Um participante interrompeu o fármaco devido a uma erupção cutânea. No grupo placebo ocorreu um enfarte, depois de essa pessoa já ter terminado a medicação do estudo.
Ao fim de oito semanas, não houve diferenças significativas entre os grupos na variação de peso.
Isto é relevante, porque sugere que o efeito no consumo de álcool não é apenas um subproduto da perda de peso.
Semaglutida e perturbações por consumo de substâncias
Entre os participantes que consumiam canábis no início, o fármaco também reduziu os dias de consumo. Estudos baseados em registos clínicos associaram estes medicamentos a taxas mais baixas de várias perturbações por consumo de substâncias.
O Dr. Joseph Schacht, professor associado de psiquiatria na CU Anschutz School of Medicine e responsável pelo ensaio, respondeu a perguntas do Earth.com através do gabinete de comunicação da universidade.
O resultado sobre canábis foi o que a equipa menos antecipava.
“Ficámos surpreendidos ao ver que a semaglutida também reduziu o consumo de canábis, uma vez que os participantes não estavam a tentar parar ou reduzir o uso desta substância”, disse o Dr. Schacht ao Earth.com.
Segundo o Dr. Schacht, este achado é consistente com estudos de registos médicos que apontam para a semaglutida e outros agonistas do receptor GLP-1 como associados a menor consumo de várias substâncias, o que levanta a hipótese de estes fármacos poderem ser úteis em consumo de múltiplas substâncias.
Limitações de um ensaio pequeno
Com apenas 50 pessoas e num único centro, a base de dados é reduzida. Os autores descrevem os resultados como geradores de hipóteses, e não como confirmação definitiva.
Questionado sobre o que alguém com um problema com a bebida deveria retirar de um ensaio com 50 participantes, o Dr. Schacht enquadrou os resultados no conjunto de evidência disponível, e não isoladamente.
“Este foi um ensaio inicial pequeno e curto, mas os resultados foram consistentes com dados de modelos animais e com registos médicos electrónicos de pessoas a tomar semaglutida e outros agonistas do receptor GLP-1 por outras indicações”, afirmou.
O Dr. Schacht acrescentou que já estão em curso ensaios maiores e mais longos com semaglutida e outros fármacos da mesma classe.
Na sua perspectiva, esta classe terapêutica pode vir a representar um tratamento inovador para pessoas com problemas relacionados com o álcool.
Próximos passos para o tratamento
O Dr. Schacht apresenta o resultado como redução de danos, não como cura.
“Este estudo sugere que a semaglutida oral pode ajudar a reduzir o consumo excessivo e nocivo de álcool, mesmo em pessoas que não estão a tentar deixar de beber por completo”, disse o Dr. Schacht.

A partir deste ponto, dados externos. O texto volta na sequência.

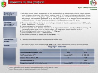 The document proposes developing a multifunctional complex in Kryvyi Rih, Ukraine. The project would redevelop 6 hectares of land containing vacant buildings into a business center with 2500 sqm of commercial space and 2000 sqm of recreational area. It would include a mall, offices, hotel, and restaurant. The estimated budget is 159 million UAH and the internal rate of return is 14.98%. The development aims to meet demand in Kryvyi Rih's population of over 1 million people within a 135km radius.
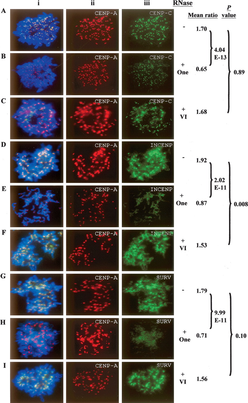 Effect of single-stranded RNA-specific RNaseOne and double-stranded RNA-specific RNaseVI treatment on the localization of centromere proteins on HeLa metaphase chromosomes. The comparison of the immunofluorescence signals for 25 cells with (+) and without (−) RNaseOne treatments by scoring the signal intensities on five chromosomes for each cell. Each data set was normalized against the CENPA signal (Aiii–Iii; red) and expressed as “mean ratio.” RNase A treatment led to a significant reduction (P-value < 0.001) for immunofluorescence intensities for CENPC1 (Aiii,Biii; green), INCENP (Diii,Eiii; green), and survivin (SURV) (Giii,Hiii; green). As with the RNase or RNaseA treatment shown in Figs. 4 and 5, signal reduction on the centromeres was less complete for CENPC1 compared with CENPA, INCENP, and survivin. Similar pairwise comparisons indicated no significant difference in mean immunofluorescence signals before and after RNaseVI treatment for CENPC1 (Aiii,Ciii; green), INCENP (Diii,Fiii; green), and survivin (SURV) (Giii,Iiii; green). (i) Merged images of ii and iii.
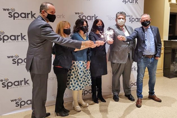 Striking sparks: celebrating a new partner joining the WE-Spark Health Institute are officials (from left) Bill Marra of Hôtel-Dieu Grace Healthcare, Lisa Porter of WE-Spark Health Institute, Patti France of St. Clair College, Kristin Kennedy of Erie Shores HealthCare, David Musyj of Windsor Regional Hospital, and Chris Houser of the University of Windsor.
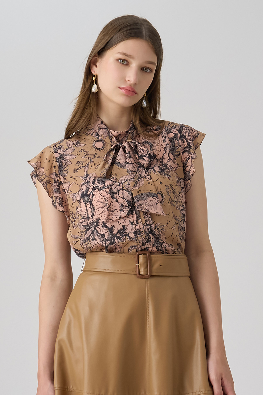 スタンドカラーに取り外しのボウタイを付けたブラウス。

“É importante salientar que, mesmo ao reduzir o consumo excessivo, podem ocorrer melhorias significativas para os doentes e as famílias.”
Por agora, este achado é um sinal - não uma prescrição. Mostra um medicamento conhecido a produzir um efeito inesperado, em pessoas que nunca planearam deixar de beber.
O trabalho foi financiado em parte pelo National Institute on Alcohol Abuse and Alcoholism.